There were so many types of social connections there last night: old friends, new friends, cute friends-of-friends to be a little bit inappropriate with.

Last night, I also ran into the guy I’d dated for a few days. It was a bit awkward, but you know, I don’t want to talk about that stuff here. Doesn’t seem right.

Dating, I find, is finally getting easier as I get older. I don’t need anyone. The only one who can save me is me, and I’m on it. I’ve had several important people pass through my life, and I accept now that love is not a perennial flower, but an annual one, beautiful, but just for a season. You can’t fight a rose.

Right, now into work. I’m committed to really showing up on the page today, so it’s time to turn on and bring my whole self to what I’m working on.

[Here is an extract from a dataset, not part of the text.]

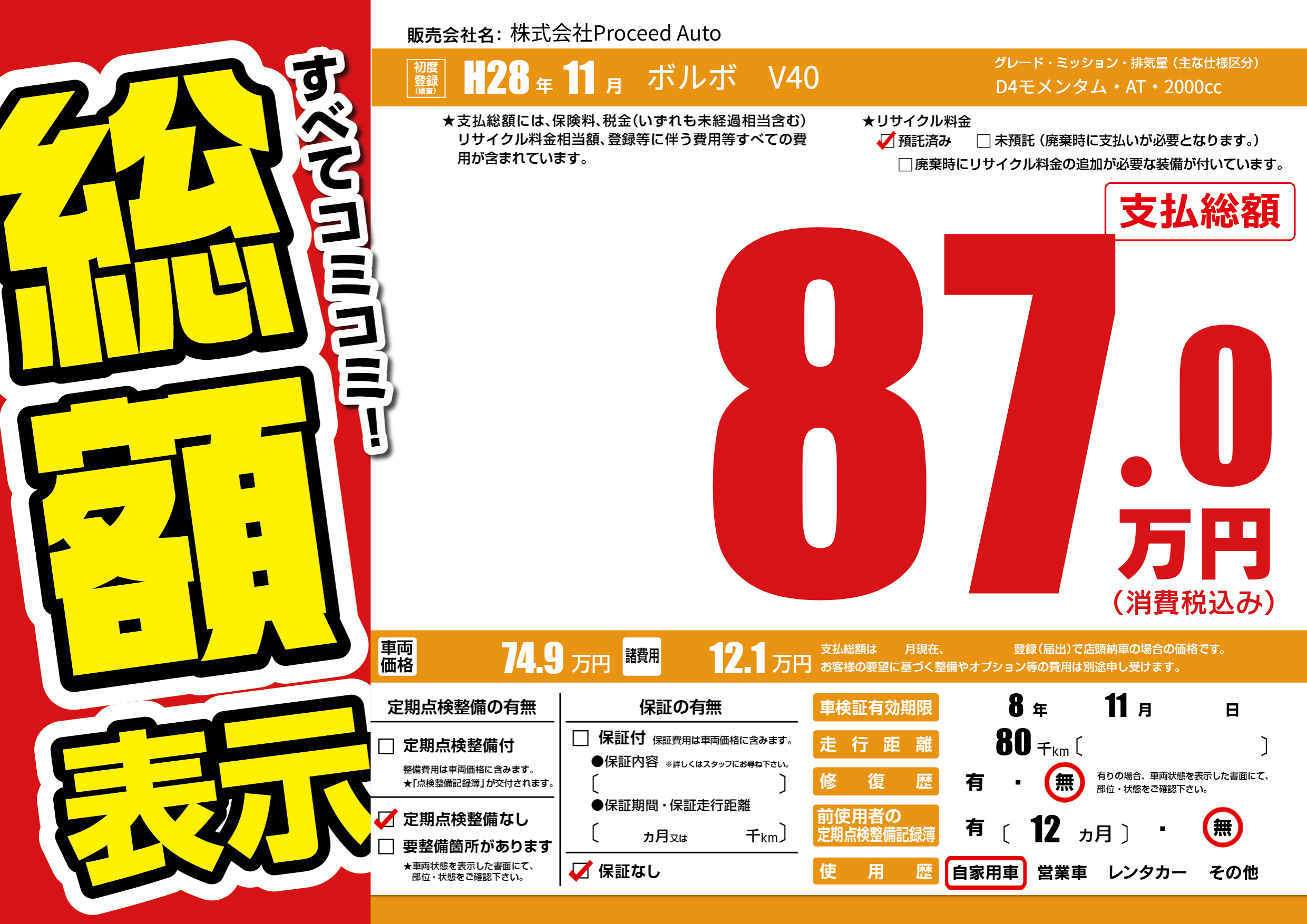 | 走行キロ | 8万km | ||

Cute librarian. Good Lord, will this never end? It must be summer.


Fear and desire
Saturday, June 26, 2004 , 10:21 PM

I’m sitting in The Elephant House, enjoying my second glass of red wine. I had a light supper here, and the wine was two-for-one when I ordered. I couldn’t refuse.

On Thursday night, I went to a neat event called “Place”. It was a discussion that went live to air on the BBC, discussing how architecture forms our sense of space and our sense of ourselves. It was held in the Old St. Paul’s church, a wonderfully dark and black old kirk underneath the bridge that stretches from the Old Town to the New Town. The presentation was in conjunction with an art exhibit at the Fruitmarket Gallery across the road, which features 286 scale cardboard models of the churches around Edinburgh that are listed in the Yellow Pages. It’s quite amazing, these little brown building-block-like structures all around your feet in the white gallery space. Even the cardboard smell added something to the exhibit’s impact.

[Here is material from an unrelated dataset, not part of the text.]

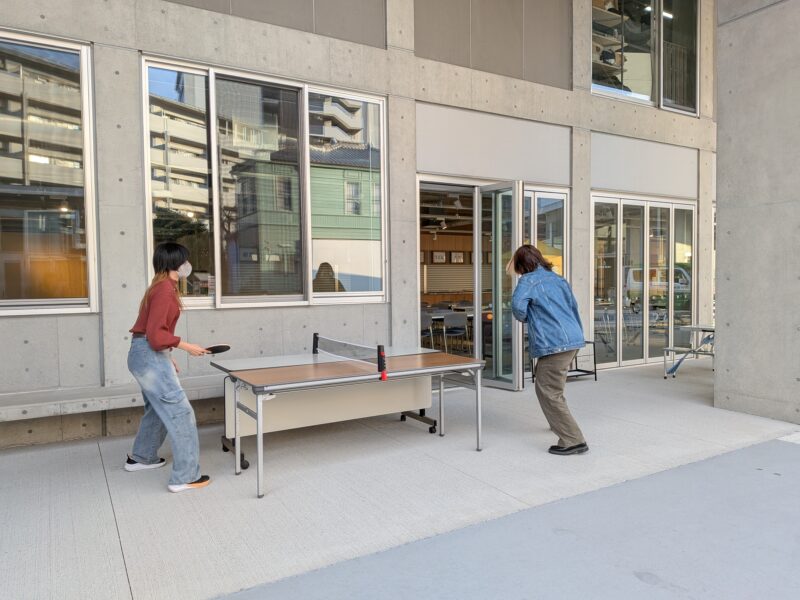 上着を脱ぎ、白熱した卓球対戦が行われていました。

When I heard about this talk, I knew I had to go, even though it was a tenner — a bit steep for a one-hour talk. This is exactly what Idea in Stone was about, our cities as concretised thoughts, reflections of ourselves, co-creators of our experience and sense of ourselves. The panelists were the artist who created the cardboard exhibit, an architect who designed the few modern buildings in Edinburgh that I actually admire, and two commentators on architecture. The talk was really engaging, taking place in that rarified academic sort of air that I’d been longing for earlier in the week when thinking about taking a university course online, full of terms and concepts about architecture that I’d never heard or considered before. All the while, though, the discussion stayed lively, passionate, and relevant, as any conversation about architecture in this incredible city is.

Before the event started, I stood in the church hall (which I’d surveyed as a possible space for my reading series a while back), thinking about how much time I spend so much time on my own. I’m interested in these sorts of events and ideas, I thought, but I don’t know many other people who are. Because the universe is showing a particularly sharp sense of humour lately, in the next instant I spotted a friend of mine, Wendy, with her shaven head and small, pretty face, in a black outfit that flared out into a skirt and made contact with the ground through big, angular boots.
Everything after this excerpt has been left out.